Sunday, August 26, 2007

26 Aug 2007

I would quit my job too if I won a date with a pron star. Actually I would quit my job for a lot less, but I'd still take the date with a porn star



Besides, sex is a great growth business. Otherwise you wouldn't have people willing to spend 10K each year to let someone else pork their wife. Well, then again the guy is a lawyer so you never know, it could have been part of a settlement.



Which makes America a great country because is any other country women would set fire to a guys dick for messing around. In this country, they pay for it.



It's about 12:45 in the morning and it's like 90 fucking degrees in this room with about 800% humidity. I need to get one of these shirts with the built in fans. Actually, at this point, even that shirt would too warm unless it has little pockets to put dry ice in.



More amusing shit from the Defense department that makes me believe that I should be working for a goverment contractor that sends small machine parts overseas.

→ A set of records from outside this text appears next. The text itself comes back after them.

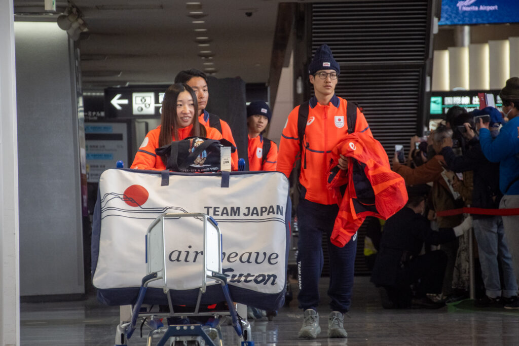 2026年ミラノ・コルティナ冬季五輪に出場したTEAM JAPANの日本代表選手団が2月24日、ミラノ発のANA臨時便で成田空港第1ターミナルに帰国しました。到着ロビーには約400人のファンが集まり、総勢122名(うち選手53名)の選手団を出迎えました。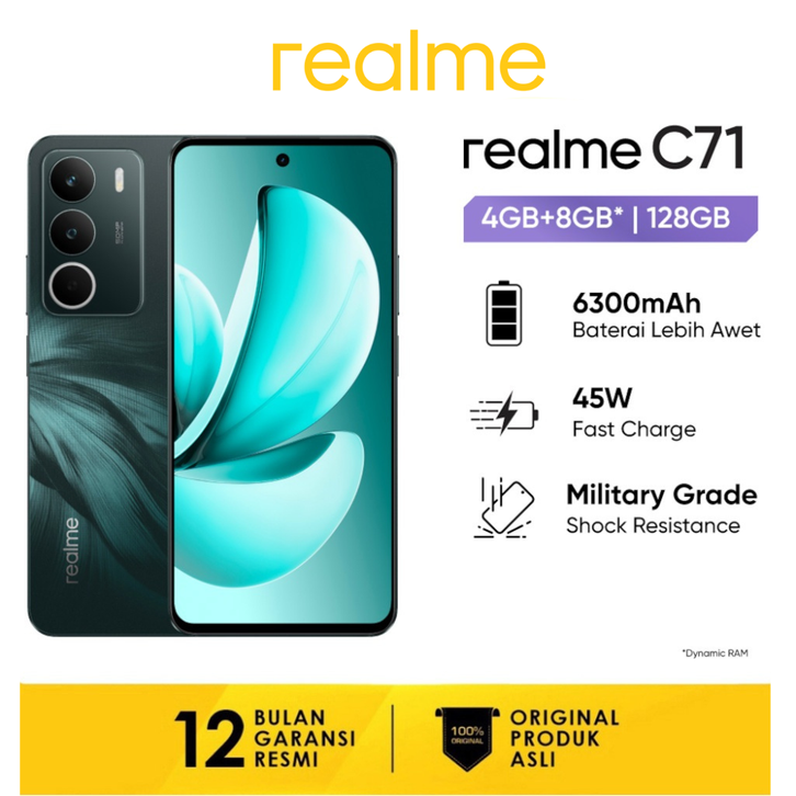 realme C71 NFC 4GB+128GB 6GB+128GB 6300mAh Military Grade Shock Resistance
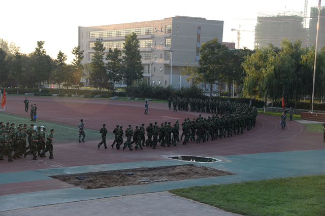 吃過早飯,各連隊在各自的集合地點準備開始一整天的訓練項目。訓練期間,同學們統一著裝、隊列整齊、軍姿颯爽,以最飽滿的熱情全身心地投入到艱苦而又充滿樂趣的軍訓中。“收腹、挺胸、抬頭、目視前方,兩肩向后張。”在教官的提示下,同學們認真調整動作,站軍姿,稍息、立正,每個動作都要嚴格遵守動作要領,做錯或者做慢了迅速打報告改正。在教官高標準、嚴要求的訓練下,稍息立正、停止間轉法、蹲下起立等預定訓練科目已經初見成效。訓練間隙,各個連隊或組織拉歌、或開展游戲、或由同學們表演節目。雖然時間不長,但休息時間已經成為激發同學們訓練熱情的“加油站”;在訓練間隙組織開展一些具有軍營特色的游戲和活動,能夠緩解同學們因長時間訓練而產生的生理和心理疲勞,調動大家的訓練積極性。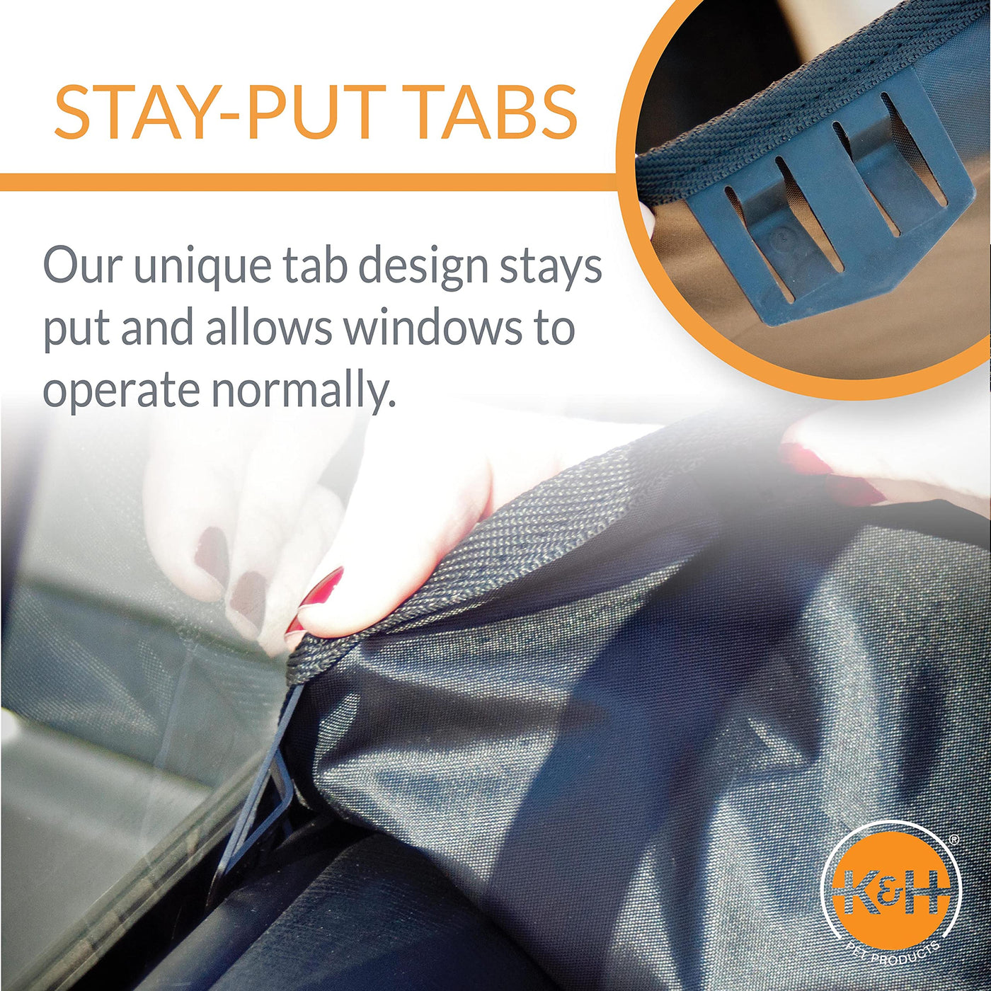 Protect vehicle doors from dirt and scratches with the patent-pending K&H Vehicle Door Protector; from the stay-put tabs to the rugged construction, it’s sure to get the job done. Our unique tab design stays put when operating windows, which is the most common complaint from other brands. The function, design, quality… It’s what we’re all about. Includes 1 right and 1 left door protector. Fits front or rear car, SUV, or truck windows. One-year limited warranty. NOTE: Windows should be rolled up while the vehicle is in motion as wind may blow the item out of the vehicle. Never leave a pet in an unattended vehicle. Not for use with aftermarket window tinted windows.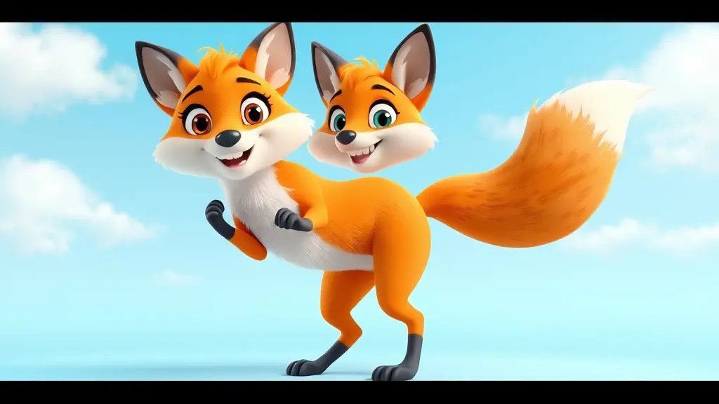A full-body 3D cartoon fox character standing cheerfully in a bright, playful setting. The fox has vibrant orange fur, a white fluffy chest and cheeks, large shiny eyes with long lashes, and dark-tipped ears. It has a rounded face, expressive eyebrows, a small black nose, and an open smiling mouth showing tiny teeth. Its front paws are raised in excitement, and its big bushy tail curves joyfully behind it. The fox stands on two legs in a lively pose, giving off a happy and energetic vibe. The background is a clear blue sky with soft clouds. No humans or realistic textures — cartoon style only.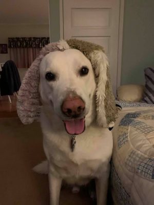 Duke wearing his flat squirrel (that we call Roadkill) as a hat…Lab fashion is not for everyone…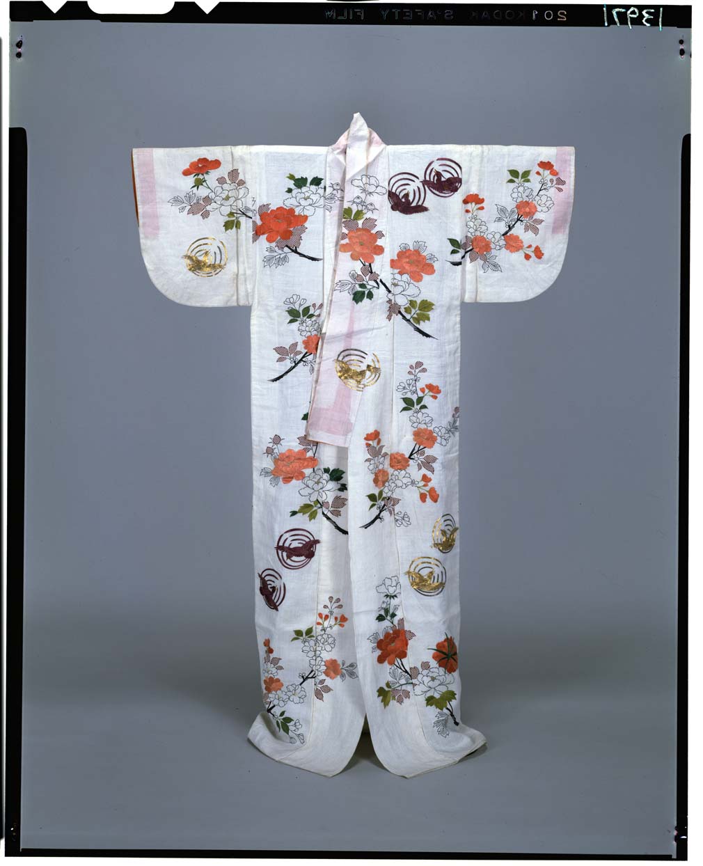 白麻地牡丹桜折枝鳥丸模様帷子

I used to complain about my doctor's office, having to sit for two hours in a waiting room for a Rx that wasn't even for weed. But I've never been told to just 'walk it off' after getting shot. I've actually never been shot, so I'm not sure what the real reaction would be if I did. I just like to think that my insurance would at least cover bullet removal. Then I'd spend the rest of my money to put the bullet back into a new casing and shoot it back into the motherfucker who shot me first. And a good insurance company would cover THAT too.